Fixé en 2024, le précédent objectif de Canberra pour ses dépenses de défense était de 2,3% du PIB en 2033. Des dépenses militaires supplémentaires de 53 milliards de dollars australiens (32,2 milliards d'euros) sont prévues sur la prochaine décennie, a indiqué le ministre.
Sur les quatre prochaines années, les dépenses devraient déjà augmenter de 14 milliards de dollars australiens (8,5 milliards d'euros).
Pour atteindre cet objectif de 3% du PIB, l'Australie a toutefois modifié son mode de calcul du budget de la défense afin de s'aligner sur la définition de l'Otan, qui inclut des éléments tels que les pensions militaires et les renseignements.
Ce renforcement des dépenses militaires reste inférieur au niveau de 3,5% du PIB que le sécrétaire américaine à la Défense Pete Hegseth avait demandé à Canberra l'an dernier.
- Renforcement chinois -
Inquiète du renforcement de la marine chinoise, l'Australie a entrepris une modernisation de sa défense ces dernières années dans le but de dissuader un potentiel adversaire arrivant du nord.

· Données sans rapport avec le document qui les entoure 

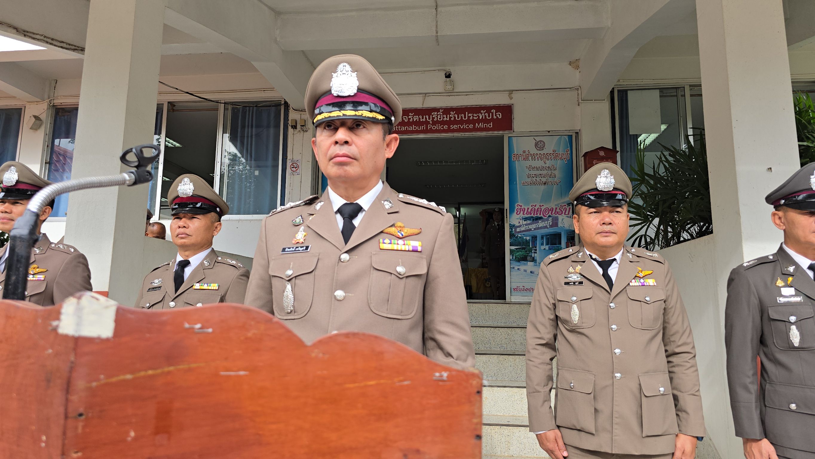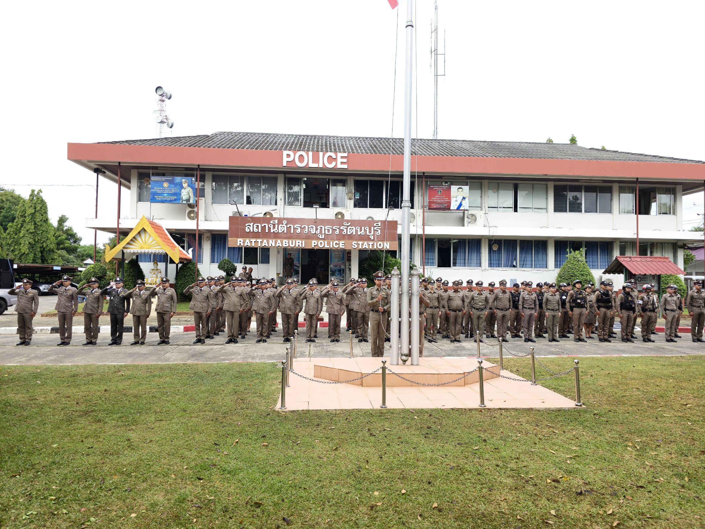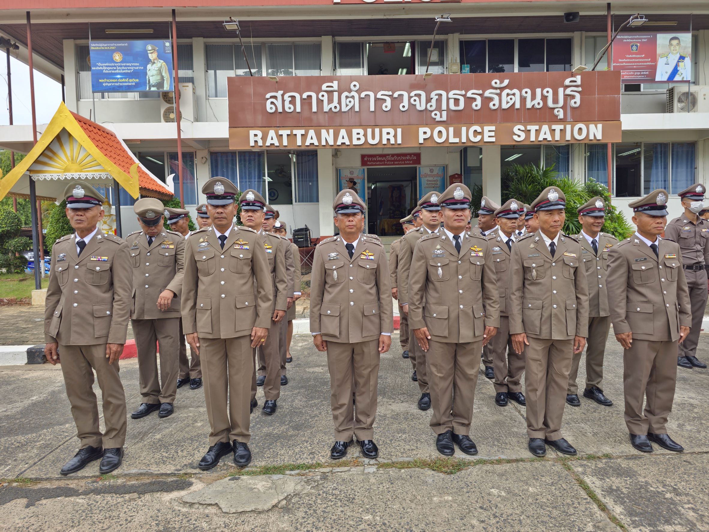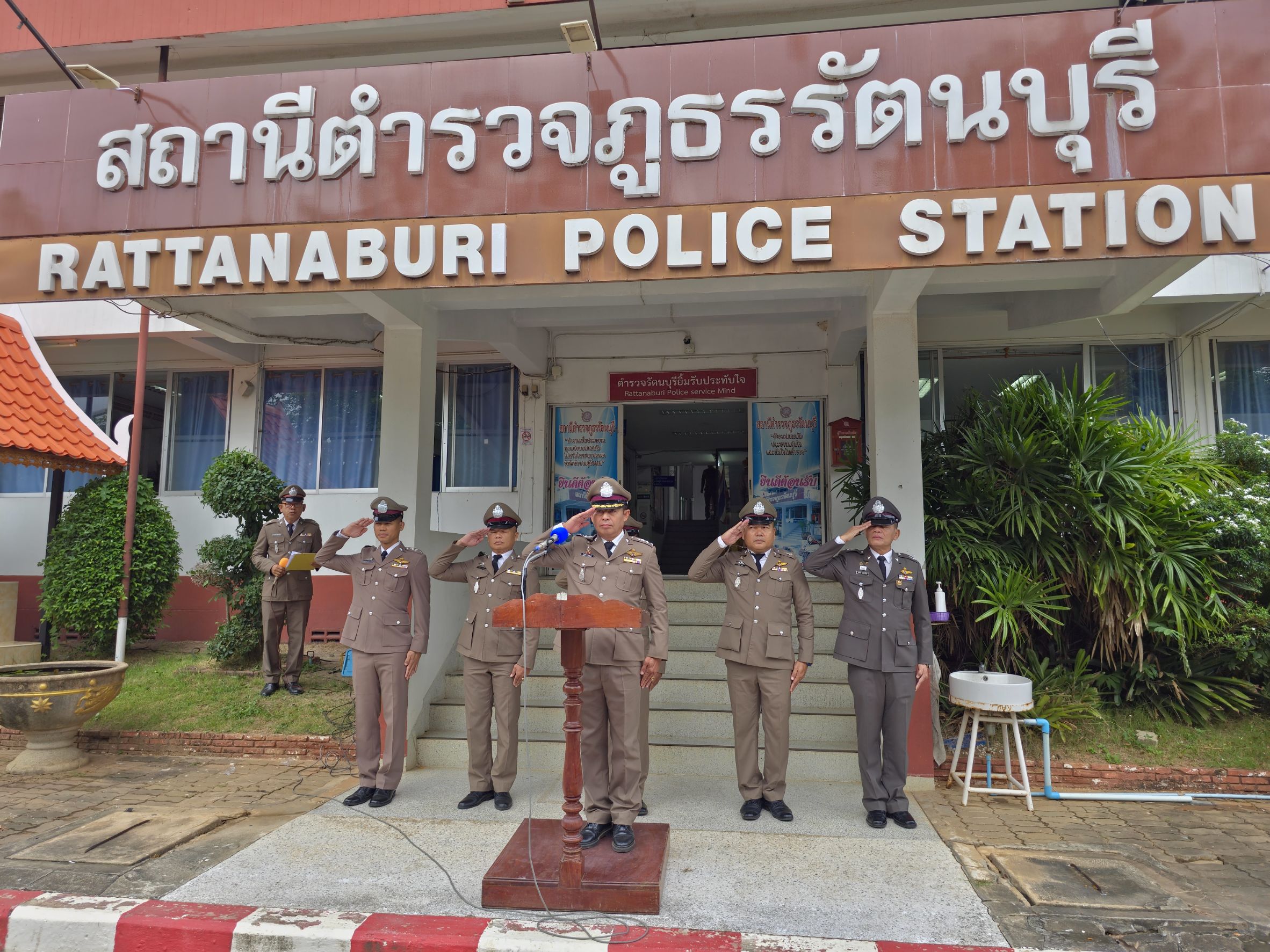 เมื่อเวลา 08.00 น. วันนี้ (17ต.ค. 2567) พ.ต.อ ธีระศักดิ์ เจริญศรี ผกก.สภ.รัตนบุรี จ.สุรินทร์ พ.ต.ท.เสฎฐพัชร จำนงประโคน รอง ผกก.(สอบสวน) พร้อมด้วยข้าราชการตำรวจ สภ.รัตนบุรี ทุกนาย ได้ร่วมกันจัดกิจกรรม เนื่องในวันคล้ายวันสถาปนาสำนักงานตำรวจแห่งชาติ 17 ตุลาคม 2567 โดยการเข้าแถวเคารพธงชาติ ที่หน้า สภ.รัตนบุรี จ.สุรินทร์ พร้อมกับได้กล่าวคำสัตย์ปฎิญาณ และอ่านสารจากผู้บัญชาการตำรวจแห่งชาติ จากนั้นรับฟังโอวาทจากผู้บังคับบัญชา พร้อมกันนี้ได้มีพิธีมอบใบประกาศเกียรติคุณแก่ข้าราชการตำรวจดีเด่น ผู้ช่วยเหลืองานตำรวจ และมอบรางวัลเรียงความดีเด่น แก่เด็กนักเรียนโรงเรียนบ้านหนองบัวบาน และโรงเรียนบ้านดินแดง เพื่อเป็นขวัญกำลังใจแก่คนทำความดีด้วย
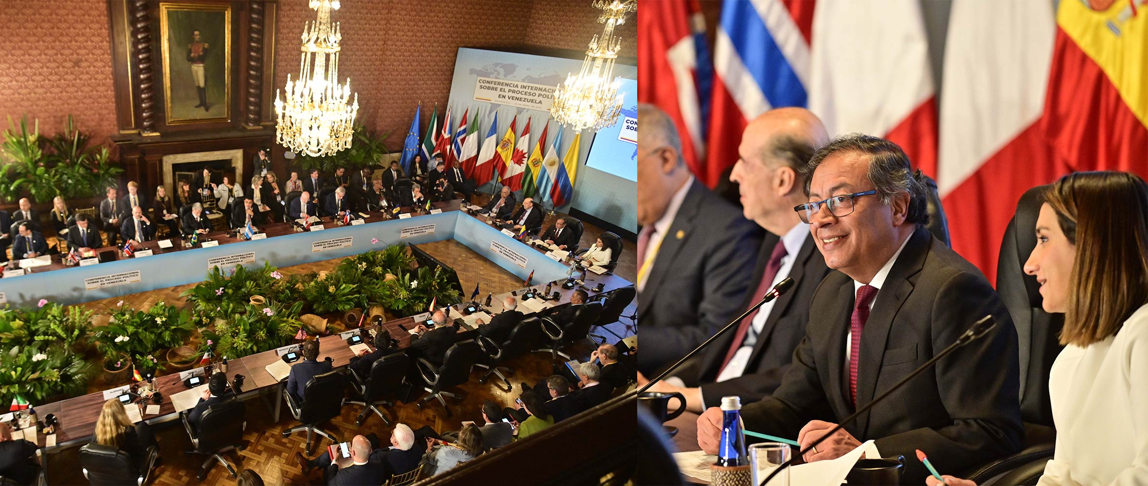 Le 24 avril, en s’adressant aux autorités colombiennes et aux représentants de gouvernements qui participeraient le lendemain à la conférence de Bogotá, Maduro a clairement exprimé la position du Venezuela : « Si quelqu’un parmi vous veut, aspire à ce que les négociations politiques entre ce secteur minoritaire de l’opposition, appelé Plateforme unitaire, et le gouvernement bolivarien et chaviste du Venezuela, reprennent au Mexique, vous n’avez qu’une chose à faire : dans le communiqué officiel que vous approuverez, demandez que le gouvernement américain dépose les 3,2 milliards de dollars séquestrés sur les comptes bancaires que nous avons à l’étranger pour le plan social signé dans l’accord partiel au Mexique, en novembre 2022. »

Elle a conclu en 2021 le partenariat de défense Aukus avec les Etats-Unis et le Royaume-Uni notamment pour s'équiper, au cours de la prochaine décennie, de sous-marins à propulsion nucléaire.
Richard Marles a souligné qu'en 2026, l'Australie donnerait la priorité au renforcement de son autonomie militaire, sans renoncer à son alliance avec les États-Unis, qu’il a qualifiée de "fondamentale".

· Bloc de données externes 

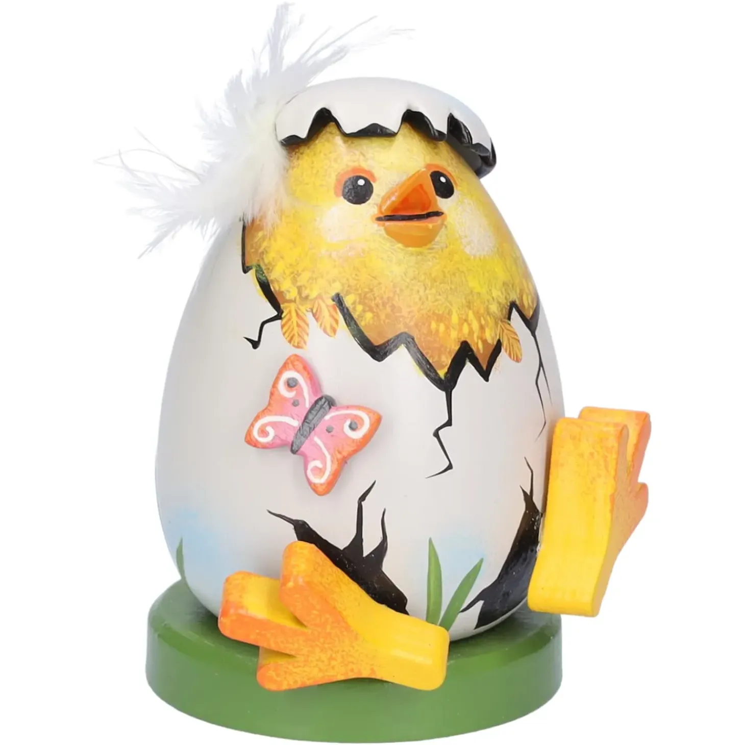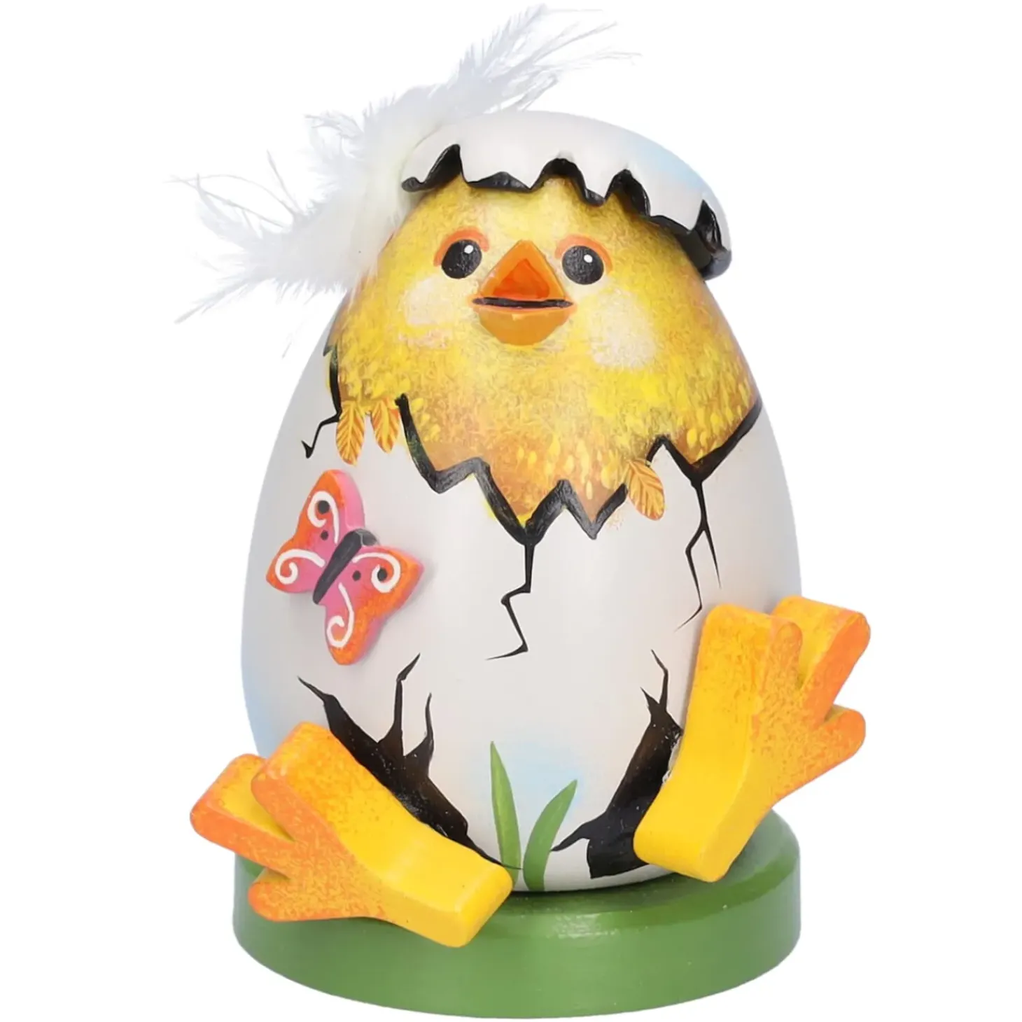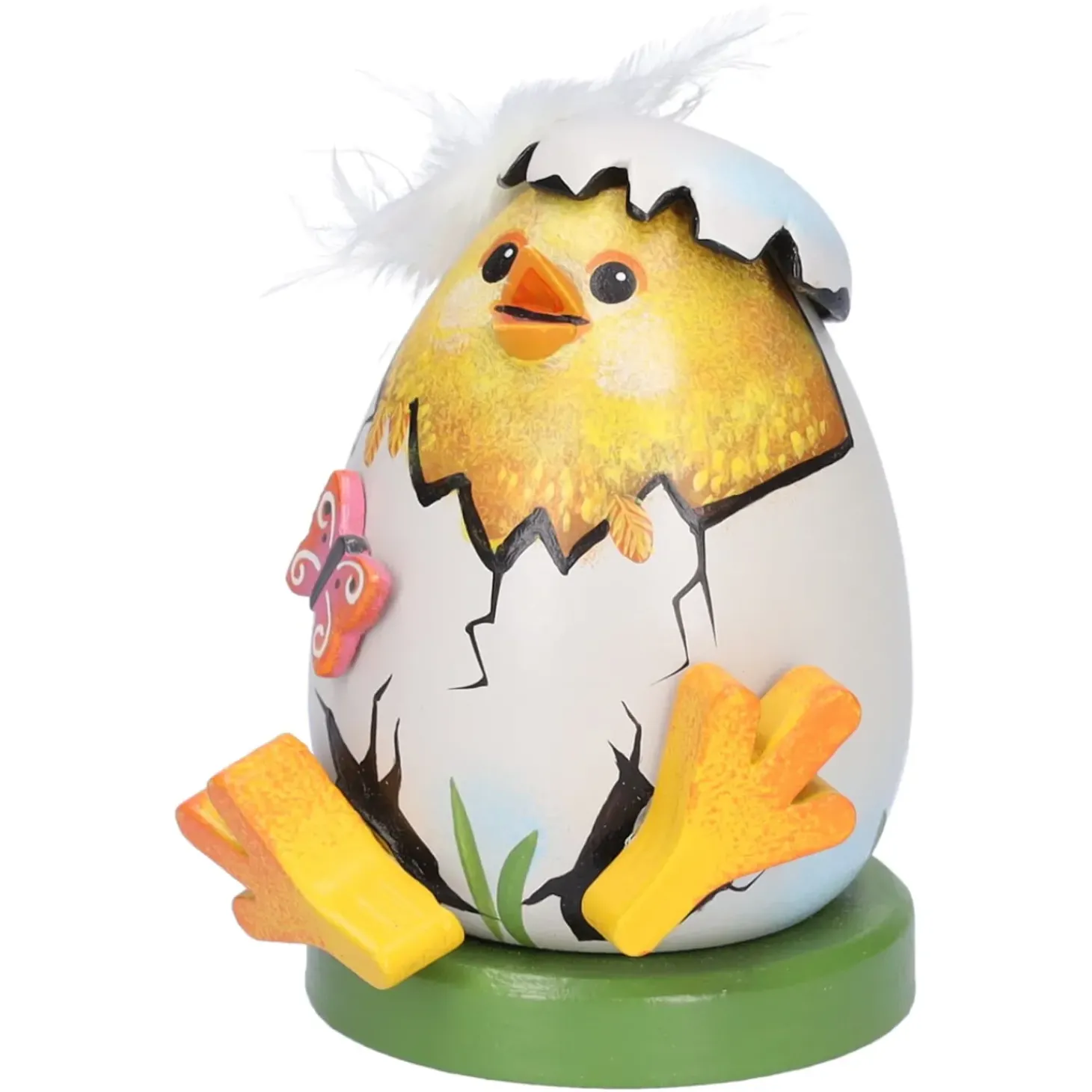 Nanu, Wer Ist Denn Da Geschlupft? Das Kleine Gelbe Kuken Steckt Noch Halb In Seiner Weisen Eierschale Aber Ist Schon Bereit Die Welt Zu Entdecken. Eine Feder Steht Von Den Anstrengungen Zerzaust Von Seinem Kopf Ab. Auf Der Eierschale Hat Ein Kleiner Bunter Schmetterling Platz Genommen. So Liebevoll Gestaltet Ist Das Kuken Ein Hingucker Im Osternest, Am Osterkranz Oder Auf Dem Gedeckten Ostertisch Und Eine Schone Geschenkidee.

"Il n’y a pas d'équilibre des pouvoirs efficace dans l’Indo-Pacifique sans la présence continue des États-Unis", a-t-il martelé.
Les dépenses pour développer un système de défense antimissile vont s'accélérer, atteignant jusqu'à 30 milliards de dollars australiens (18,3 milliards d'euros) au cours de la prochaine décennie, tandis que 36 milliards de dollars australiens (21,9 milliards d'euros) seront consacrés à la production locale de missiles guidés.
L'Australie va consacrer jusqu'à 5 milliards de dollars australiens (3 milliards d'euros) de nouveaux financements aux drones, pour adapter sa défense aux nouvelles formes de combats, comme celles vues au Moyen-Orient, avait indiqué dès mardi le minstre.
L'immense littoral de l'Australie et sa faible population ont poussé le pays à développer des sous-marins et drones aériens de combat autonomes, Ghost Shark et Ghost Bat.
C'est la lieutenant-général Susan Coyle, une femme dotée d'une expertise en matière de cyberguerre qui doit prendre la tête de l'armée australienne, une première depuis sa création il y a 125 ans, a annoncé lundi le ministre de la Défense M. Marles.